Não fosse assim visceral seria branco, leitoso
Feito espuma fazendo barulho
As bolhas espocando dentro do liquidificador logo quando abro a tampa para ver se a consistência ficou do jeito que eu queria.
E nunca fica, sabe?
Desde que percebi que sou instrumento ao invés de desejo,
Transformando o que sinto em conformação forçada: é a força do tempo agindo sobre meu parco querer.

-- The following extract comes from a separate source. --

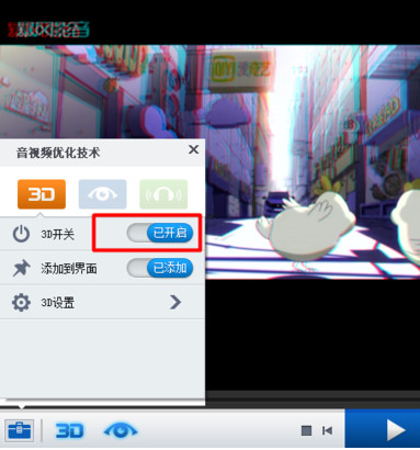 如果需要将电影转换至“3D”模式,只需要点击“3D”右侧的开关,将其开启即可。

Não nos cabem pratos limpos, porque mentira de mãe é verdade cristalizada pelo passado, não se fala, é tabu inventado.
E eu finjo que não percebo
Finjo que não penso
Me mostro boba diante da sua palpável fiúza.
[mal se lembra que também sou Fiuza]
Pathos é pano de fundo
Parede branca, sem calor, uma descor, me dessignificando.
A desimportância de mim tange o seu triunfo
- e agora meus olhos estatelados sobre nosso passado te trazem o medo de uma máscara ter-se caído
[Agora o tempo é meu]
Volito entre o desaparecimento e uma resignação dissimulada
(e aprendida)
Sou perita rota do vazio
Sou um espelho alquebrado pelo tempo.
Adultesço longe, juntando os cacos de mim.